Although many lawyers advertise that you don’t pay their fee unless they win, what may not be apparent from those types of advertisements is what other expenses you may be responsible for – whether upfront or at the end of the case, if you are not successful. You will want to ask whether you can expect to pay for any expenses and if so when are they expected to be paid in the course of your claim. Will the firm still expect you to pay the thousands of dollars they have spent to pursue your case if you lose? Different firms will have different policies related to how they deal with expenses incurred during the course of your claim, and whether they are prepared to carry those expenses will depend on the firm’s policies and how they view your particular case.
Be wary of advertising by any law firm that they are “Best of the Best,” “Number 1,” or “Award Winning.”
The practice of using “ratings” or “awards” for advertising and promotion has been a popular one among some law firms, seeking to distinguish themselves as being ahead of the rest. Most advertising rules prohibit lawyers from claiming they are superior or better than other firms, but that does not mean they can’t boast of accolades received claiming them to be so. However, it’s always a good idea to view these accolades with healthy skepticism. Some clever marketing companies have created a billion dollar industry around awarding these accolades to industry members in exchange for a fee. Others like the consumer choice awards are based on nominations and voting which can be done online by members of the public, regardless of whether they have ever been a client of the firm or not. When choosing a lawyer be sure that their claims about these awards provide a clear explanation of how the awards are attained.
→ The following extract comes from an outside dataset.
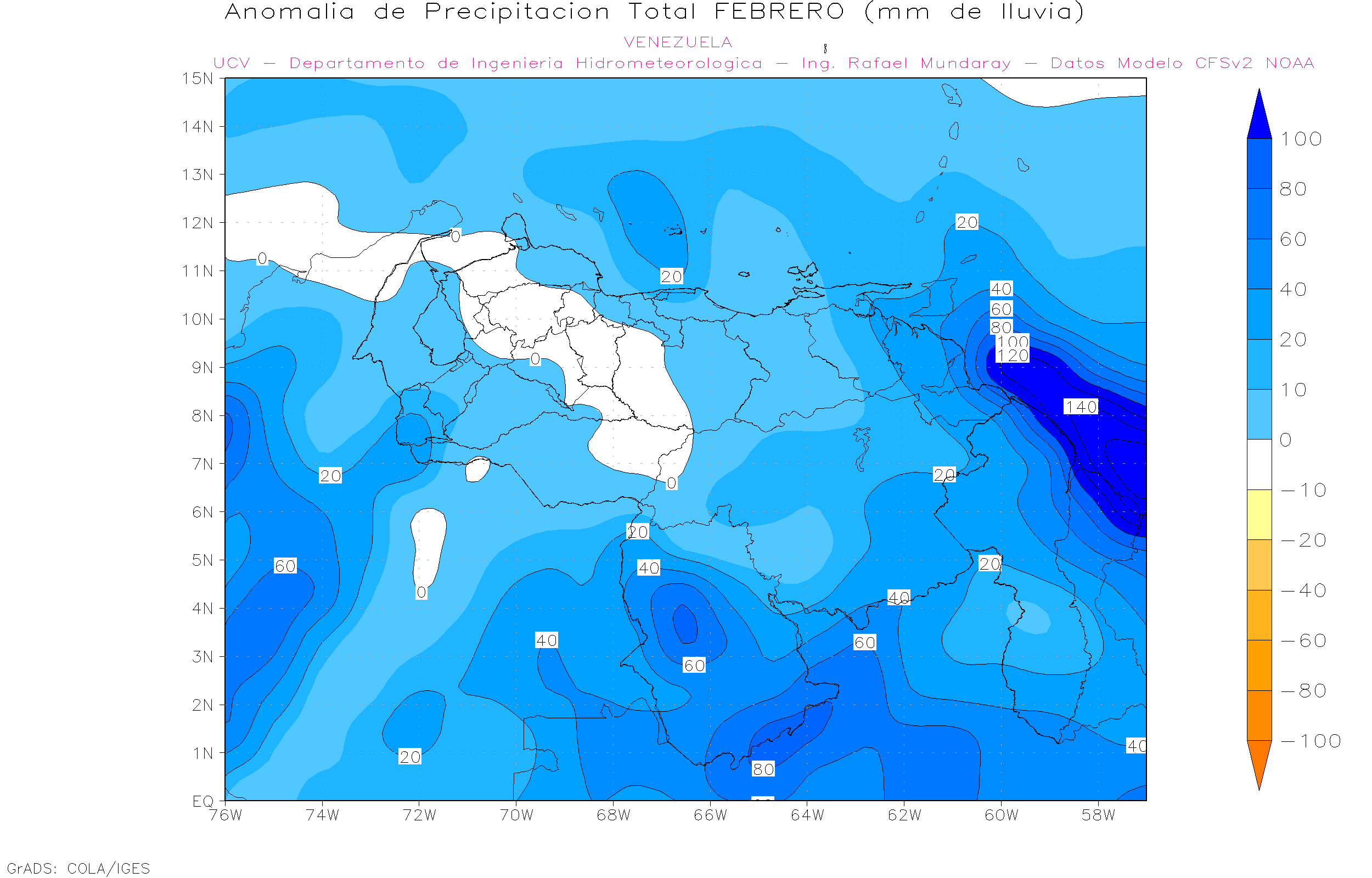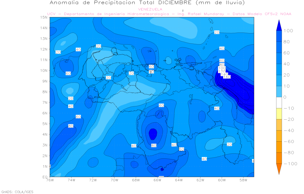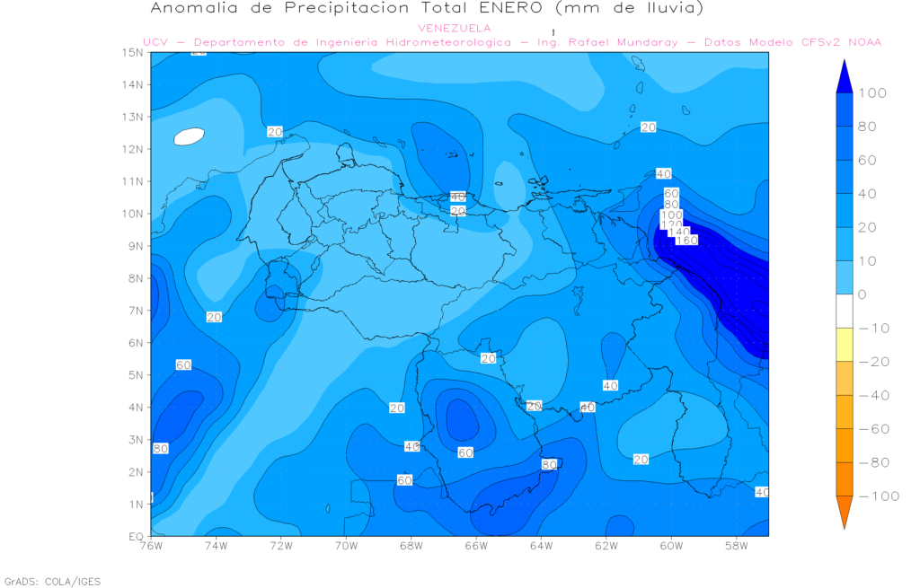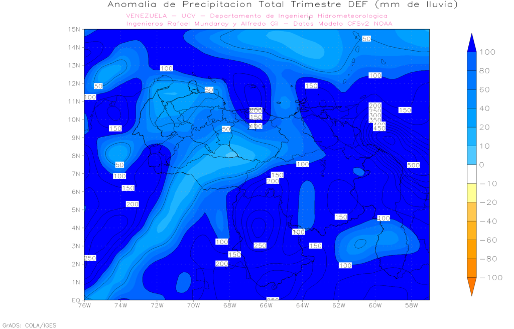 Evaluando 8 modelos de pronósticos estacionales de precipitaciones, de diferentes países (Met Office de Inglaterra, Deutscher Wetterdienst de Alemania, Meteo France de Francia, ECMWF europeo, IRI y CFSv2 de Estados Unidos, y los modelos integrado y empírico, del CPTEC de Brasil). Se observa en general, para el trimestre diciembre 2020 a febrero 2021, eventos de precipitaciones por encima de la media histórica, en casi todo el territorio nacional. Las área que presentan mayor coincidencia de anomalías de precipitaciones positivas importantes son: Cuenca del Río Caroní, los andes y la región norte costera.
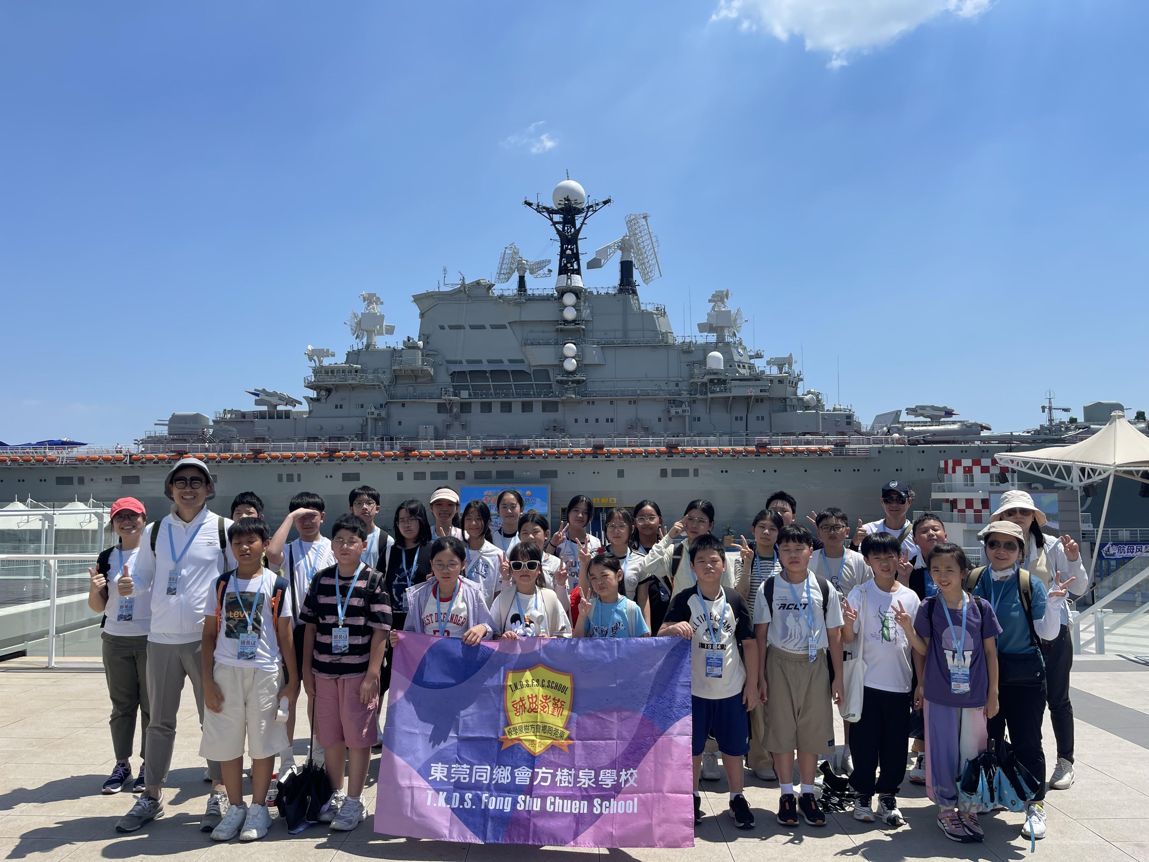 天津泰達航母主題公園作為本次遊學團的重點核心,為師生帶來前所未有的國防教育體驗。香港學生很少機會能夠親身走進航空母艦,在亞洲STEAM教育協會及小小科學超人團隊的安排下,今團師生一起登上基輔號。這艘全長273米、排水量超過四萬噸的蘇聯時代巨艦,令初次登上甲板的同學們驚嘆不已:「哇!站上去真的很震撼,我們變得好渺小,這裡大到仿佛走一天也走不完。」我看著他們仰望著一比一復刻的導彈發射器、反艦導彈和艦載火炮,不斷按下快門,彷彿置身於一座鋼鐵迷宮。

If this isn’t clear it’s a good question to ask during your initial consultation.
Be wary of claims that they have own millions in settlements. (Ask how many judgments they have won in jury trials or bench trials.)
Often times when there are claims made about millions of dollars in settlements achieved for clients, this type of information isn’t really valuable to your assessment of a firm’s qualifications but is more an appeal to your hopes for what your claim may be worth. Every personal injury law firm over time will accrue millions of dollars worth of settlements achieved, but that doesn’t mean each settlement was a high value settlement. Review these types of claims with a great deal of scrutiny and ask a lot of questions about how they come up with these figures or claims and what they are based on.
Most importantly look for integrity in adversity not gimmicks!
In the end choosing the right lawyer is an important decision in your case. This will be a long term relationship and hiring a lawyer you feel you can trust is fundamental. It is worth doing the research and asking the right questions to make sure you feel completely confident about your decision. Research their website carefully, search for reviews or testimonials, and ask friends or family what their experiences have been. By being prepared for your initial consult you can maximize your consultation time with the lawyer, and make sure you leave feeling confident that you understand the culture of the firm, and the knowledge and strategy that they can bring to your case.
I encourage you to buy local products and hire local, reputable attorneys!